A Peril of the Page Turn


Elizabeth Bluemle - July 17, 2018

Writers, illustrators, and designers of picture books pay a lot of attention to the “page turn,” which is the manner in which a book’s text and art invite readers to turn to the next page. There’s an art form to deciding which lines of writing will grace a page, which pages remain blank, where to place the text on a spread, and whether to finish a sentence within the spread or make the reader turn the page to find the sentence ending.
As you can imagine, books filled with surprises, like The Monster at the End of This Book by Jon Stone and Michael Smollin (Golden Books), gleefully and appropriately employ cliff-hanger page turns.

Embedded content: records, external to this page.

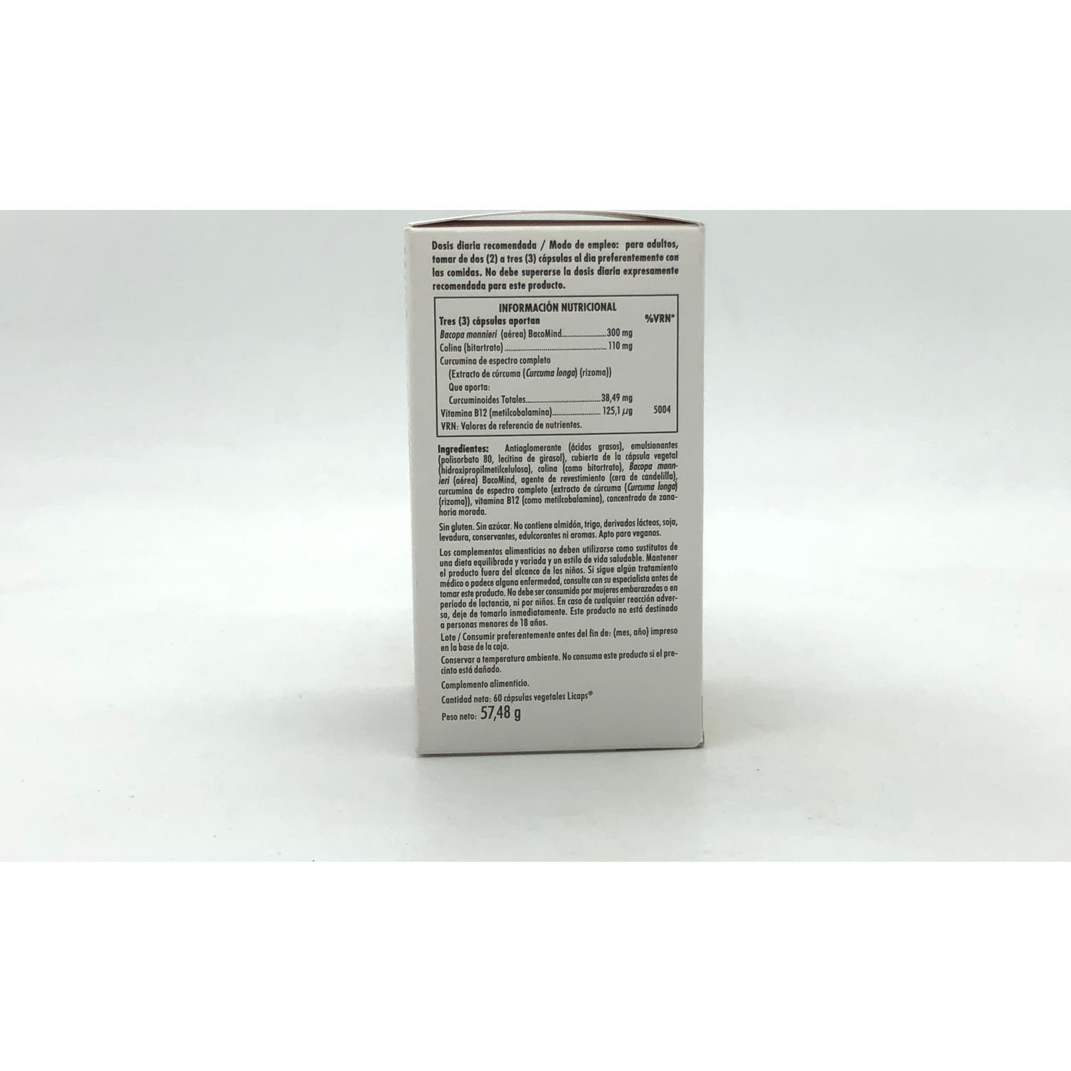 Contiene extracto de Bacopa monnieri (BacoMindTM), vitamina B12 (metilcobalamina), colina y cúrcuma patentada (Full Spectrum Cúrcuma).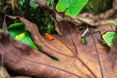 Red Frog in Panama. A red strawberry poison-dart frog at the Red Frog Beach, Bastimentos Island. Bocas del Toro, Central America. Panama.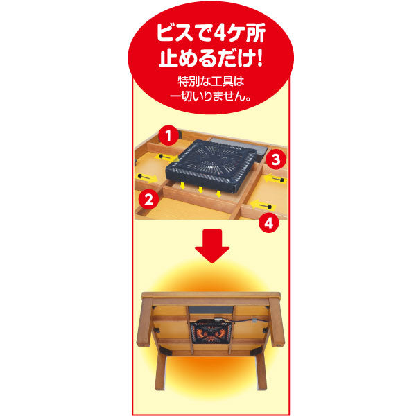 ユアサこたつ推奨機器●特別な工具は一切不要 薄型ヒーター 温調ツマミ無段階可変式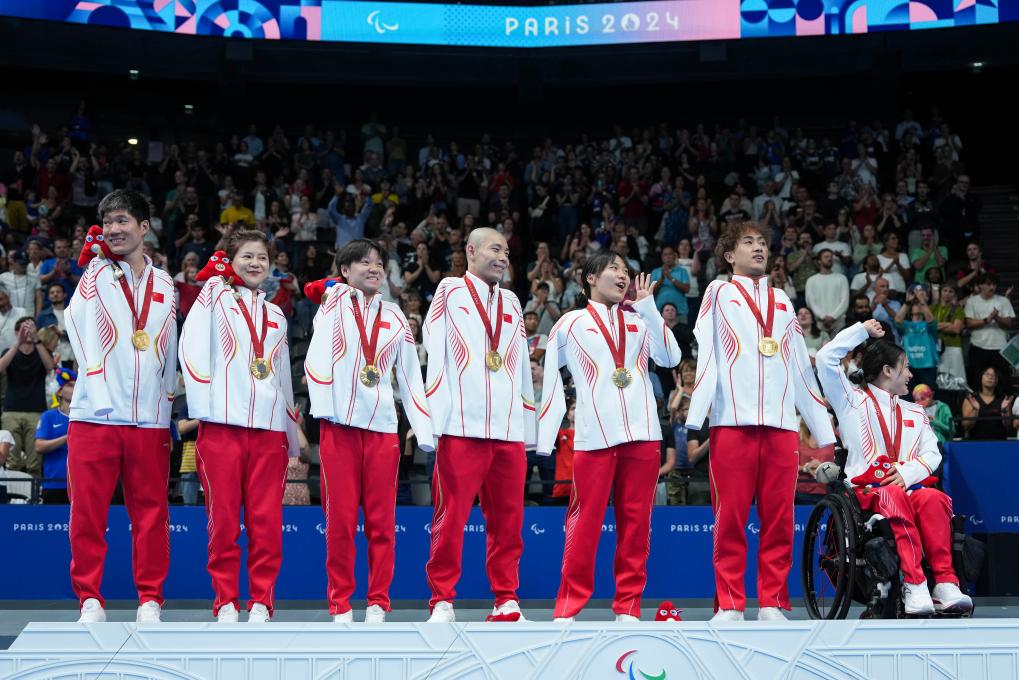30日晚的巴黎拉德芳斯體育館,巴黎殘奧會男女混合4X50米自由泳接力20分決賽上演。諸多目光被中國隊最后一棒選手吸引——他不戴泳帽、剃了光頭,抵達終點時用頭奮力撞向池壁,為中國隊鎖定金牌,并以2分14秒98打破世界紀錄,領先排名第二的美國隊4.01秒。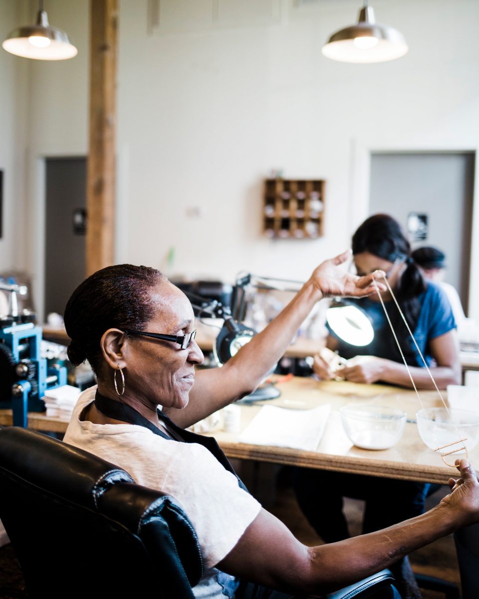 Crystal (who asked us to just use her first name) makes jewellery for Able in Nashville, and is one of those who has benefitted from its approach. Prior to working at Able, Crystal was unable to afford an apartment and consequently had a two-hour daily commute. “I can’t even really tell you how big a deal this is,” says Crystal. “To be able to come into a job with no skills or background in it, and be making as good of money as I am and getting trained to do something, and it being fun. I’m continually empowered and getting to learn new things, new skills, and getting opportunities for advancement – in pay and in title. I have savings now. I have a lot of dreams… I still have possibilities that a single person in Nashville would not have with my level of skill and education, if I had not gotten this position.”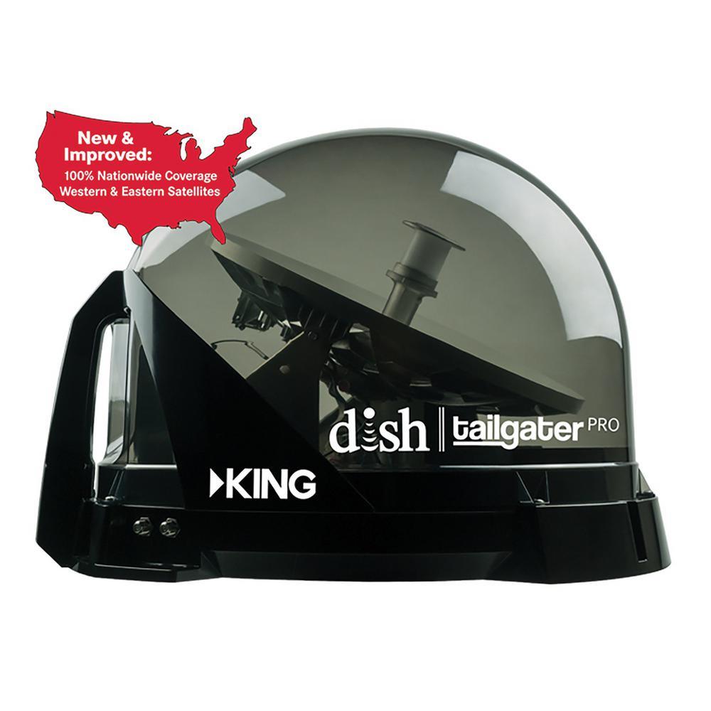 With KINGs next-level satellite antenna technology, your choice for satellite TV is clear. Bring the best entertainment to any outdoor event with the reengineered DTP4950 Dish Tailgater Pro Premium Bundle, a fully automated premium HD satellite TV antenna that includes a Wally receiver. The antenna sports an ultramodern clear cover an industry first so it's simply better, by design. With the Tailgater Pro Bundle, enjoying your favorite HD or SD Dish satellite TV service is easier than ever before. Ideal for RVers, sporting and outdoor enthusiasts, tailgaters, long haul truckers or anyone with an active mobile lifestyle, the Tailgater allows you to take Dish satellite TV service with you anywhere in the continental US. The compatible Wally receiver is included and can also be used with Dish HD Solo receivers (Wally, ViP211z, ViP211k or 411). This system is compatible with Satellites 61.5, 110, 119 and 129, allowing for crystal clear HD for both east and west coast viewers. Compatibility with the 61.5 satellite for northeast HD viewing requires a Wally receiver (included). Add Dish service to your home account or sign up for a simple Pay As You Go monthly programming plan.

But there are many more uses of the page turn than luring readers forward. Page turns can be used to build suspense, upend expectations, highlight or enlarge a funny moment, introduce a quiet space, signal a change in the story, and so on.
Maurice Sendak’s Where the Wild Things Are is filled with masterful page turns serving a variety of purposes, and it concludes with the most famous example of a great page turn in all of children’s literature. Sendak takes us from Max’s outburst to his flight from home, sailing us “through night and day / and in out out of weeks” into the land of the wild things. Spread by spread, we go deeper in; some pages have just a phrase of text, others have a whole vivid chunk. When Max tires of the rumpus and misses home, he sails back “into the night of his very own room / where he found his supper waiting for him[.]” Then readers turn the last page and find just five simple words, no art:
Ahhhhh, what a line! It isn’t strictly necessary for the story to fulfill its promise — Max has made it back home safely. But that extra little fillip of a line conveys in five words just how much Max, despite his mischief, is loved. And those words are made more effective by living, simply and emphatically, on their own page, rather than being crowded onto the prior, art-filled page of the prodigal return. This page turn is almost the opposite of a cliff-hanger; it expands upon the resolution rather than completing it. It’s a bonus gift, unexpected and valuable. That brilliant Sendak!
So where’s the peril of the page turn, as promised in the title of this post? Well, lately, it seems that the style of breaking up sentences across several pages is showing up in picture books for younger and younger audiences, for whom it can undermine, rather than enhance, the experience of reading. I wasn’t aware of this problem until the other day, when I overheard Flying Pig staffer Emily huff with frustration over a book she had just finished reading aloud to her two-year-old. (Emily has two small children who get to hear a LOT OF BOOKS.)
“I hate it when authors break up the text so that you have to turn the page before you’re ready!” she said. “It doesn’t work when sentences are so broken up that you’ll lose the sense of the story if you don’t keep turning the pages, but then you’re rushing through the book. You don’t have time to look at the pictures.”
Emily, who is an editor as well as a bookseller and literary mom, is no slouch at useful critique. This one really struck me; I could see how picture book creators might overlook this unintended consequence of breaking up text. In the thick of our months- or years-long involvement with the book, we can forget that a reader’s first encounter with it is very different from our own familiarity. And sometimes in children’s books, we can forget the end user, focusing more on aesthetics or cleverness than the experience of the child, especially very young children.
So authors, artists, designers, I invite you to visit your young picture books with the eyes and ears and curiosity of a two-year-old who wants to explore a page for a little while before moving on. And Emily, thanks for the insight! (P.S. The cookies in the snack box are still hot.)

6 thoughts on “A Peril of the Page Turn

  1. Monica

    Yup! I’ve been reading some older books with my daughter and some of them are horrible about the page turns, even placing them in awkward spots in the middle of sentences!

    Reply
  2. Leslie Hawkins

    Yes, the age-old sage advice to all writers to read your work aloud should be expanded for picture book writers and editors to reading it aloud to an unfamiliar audience, preferably of children, to catch those hiccups before the final pass.

    Reply
  3. Summer Dawn Laurie

    Such a great reminder for those of us also on the creative side of the kids book equation. Since I started in bookselling I’ve been an evangelist for editors/publicists/marketers to spend some time in a retail environment–it’s sure to make them better at their publishing jobs. Thanks!

    Reply
  4. Andrea Mack

    This is great to keep in mind. As an educator, I often have to reread a sentence that is split across pages so my students can understand. Discussion about the illustrations can lead to forgetting what was said in the text. Though multiple readings of a book are best anyway.